Serafim bent down and parted some of the leaves. “Oh. He’s nice. Can I help?”
“No,” Álvaro said impatiently. “You don’t — I don’t want to kill him. Just catch him.”
“Yes. Me too.”
“Well. Okay, then.”
It began simply enough, but when the beetle kept crawling farther into the centre of the shrub, adeptly evading the boys’ hands and hats that crunched through the twigs and snagged on branches, neither of them stopped. Their arms became scratched, their white shirts — sleeves folded up to the elbows — grass-stained and soiled, their hats sullied. Still they didn’t
give up. A teacher shook his deafening handbell to summon the children back into class, but neither of them listened, or even seemed to care. They were so close to catching the beetle, Serafim’s hat perfectly poised below the insect, deep in the inner branches, Álvaro’s extended fingers centimetres away from tipping it into a cloth trap, alive.
Finally, the insect expanded with sudden wings and flew off, bouncing between several branchlets and landing somewhere else in the shrub. They tried to locate it again, for several minutes, exchanging glances that spoke of the trouble they would have to face. At last they gave up and ran into the school, where, hanging their hats up in the cloakroom, they endeavoured to sneak into the class. Serafim went first, slipping behind his desk almost unnoticed. But the movement caught the corner of the teacher’s eye, and he turned just in time to see Álvaro tiptoeing down an aisle to his seat. Álvaro had to sit at the front of the class for an hour, cowering on a stool taller than he was, wearing a pair of donkey’s ears fashioned out of folded newspaper. When he’d first put them on, the class erupted in laughter, some pointing, the girls covering their mouths. The teacher slapped a ruler onto his desk, and the classroom fell silent again.
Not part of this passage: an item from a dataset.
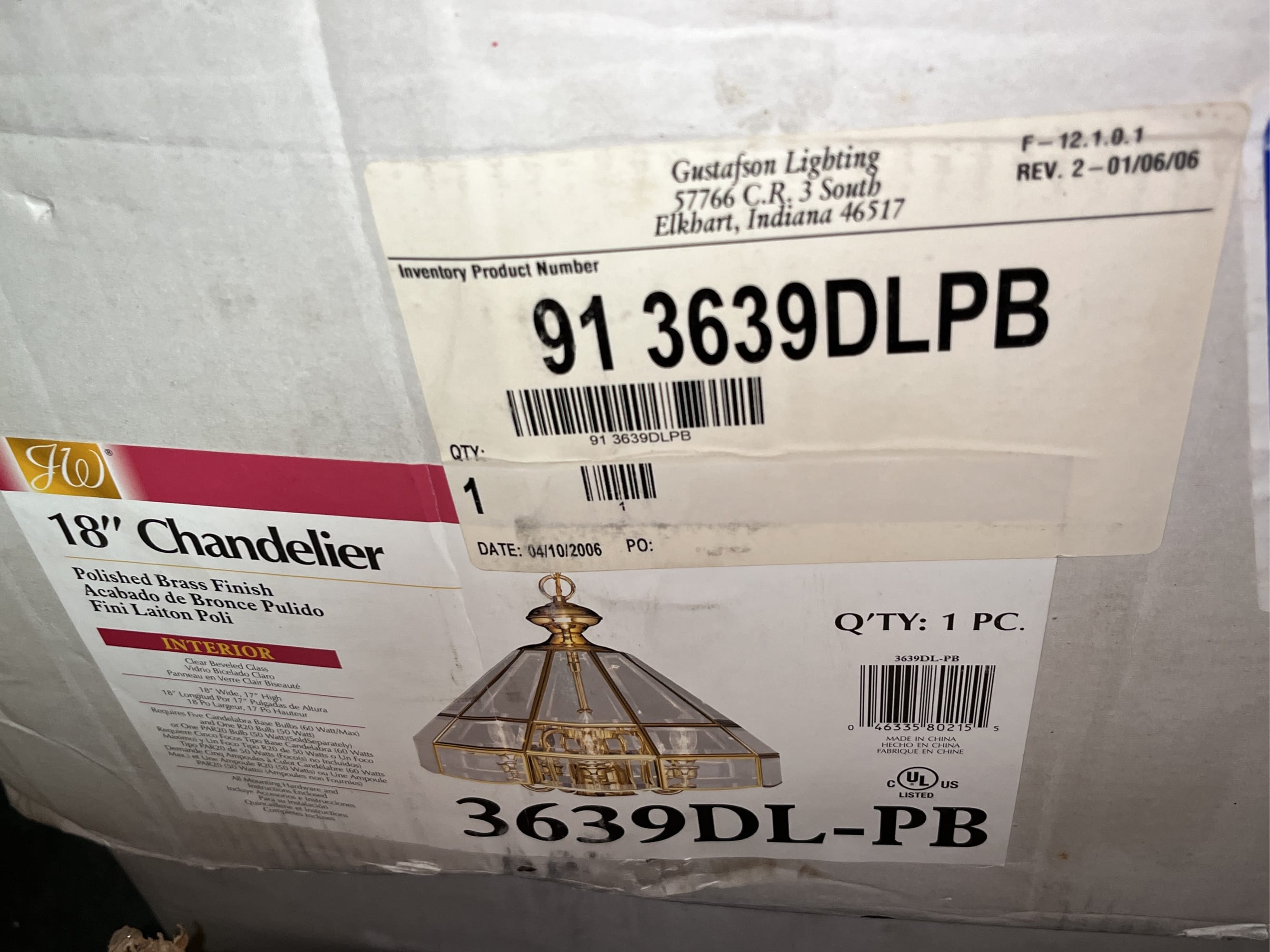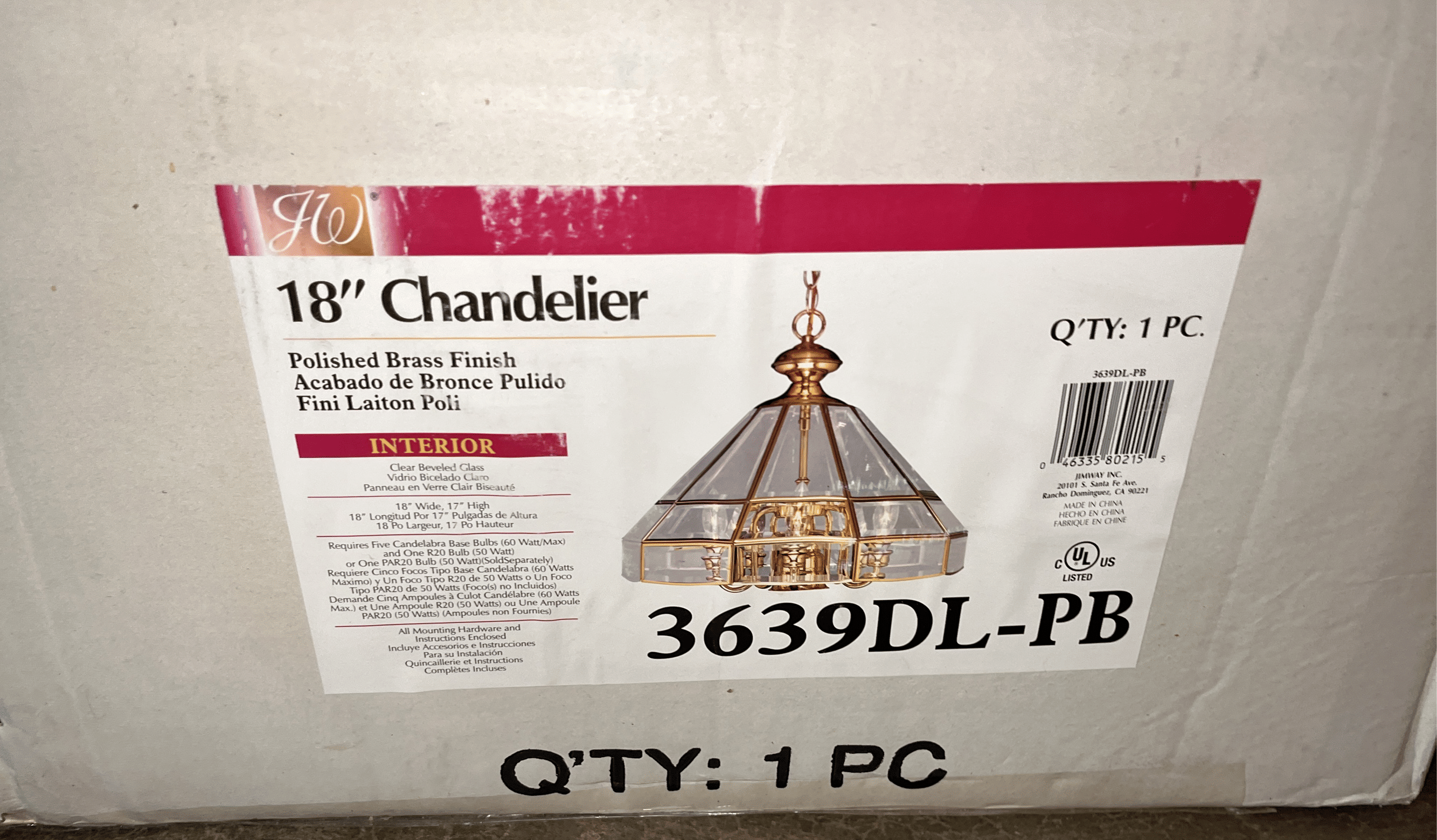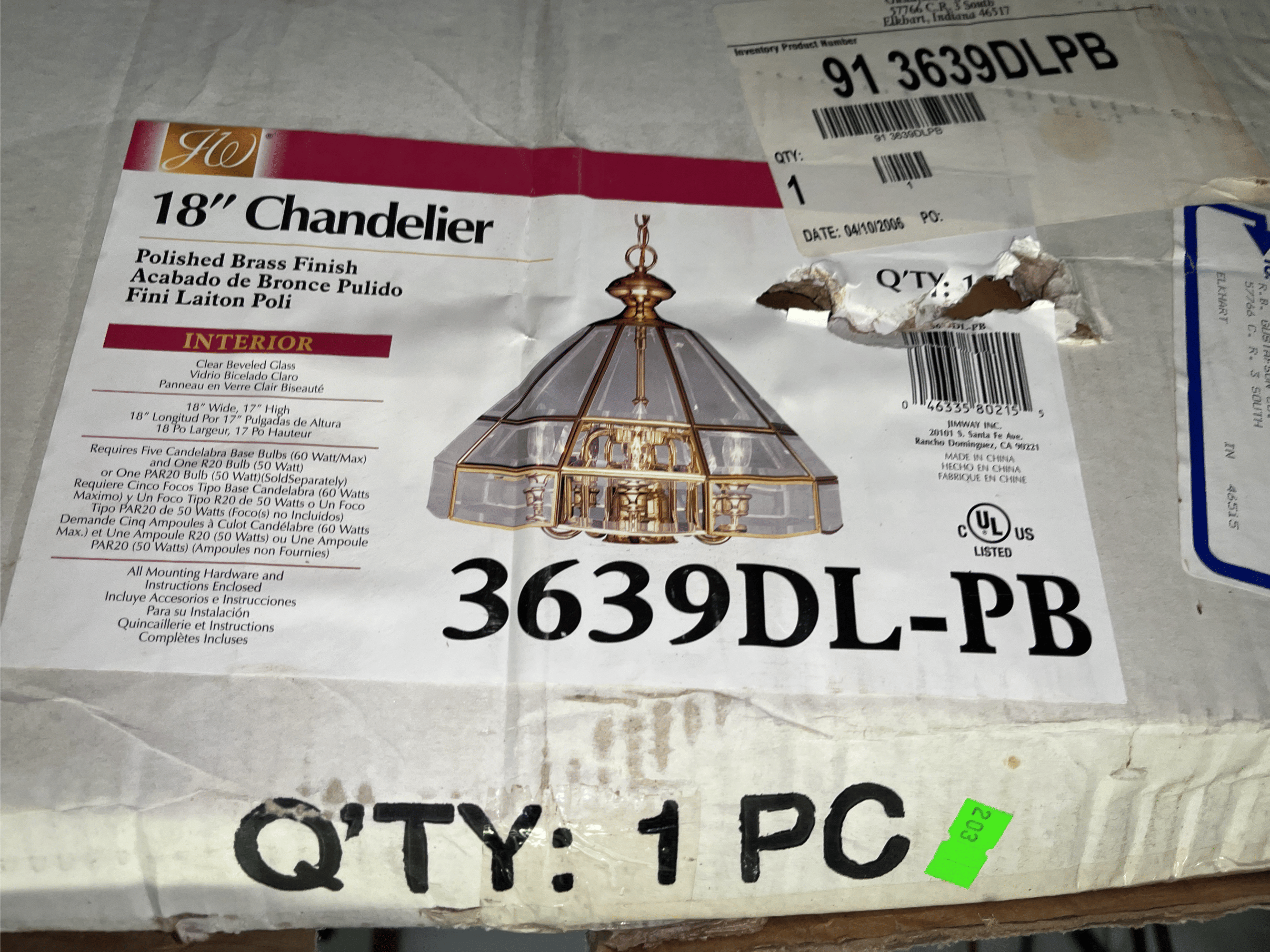 188 Polished brass hanging light fixture 3639DL-PL 18" (box is damaged, missing chain)

Over the next hour, the boys swapped impish grins, Serafim admiring the scratches on both of their arms, the smudges of green on their sleeves. They had recognized a certain tendency in one another, a kind of obsessiveness, and they understood that what had once been a personal solitude would now be a sovereign country, whose border would redraw itself wherever they chose to walk together. They were inseparable for the next thirteen years, until 1926, when Álvaro moved to Lisbon to follow the anarchists.
While they were thirteen years of resolute friendship for the two boys, they were not easy years for their homeland. The already indelibly serious Portuguese adults were given increasingly grave things to discuss and fret about. There was constant talk of the failing republic, of economic crisis after crisis, political catastrophes, strikes, protests, uprisings, and, when both of them were nine, something called the Great War.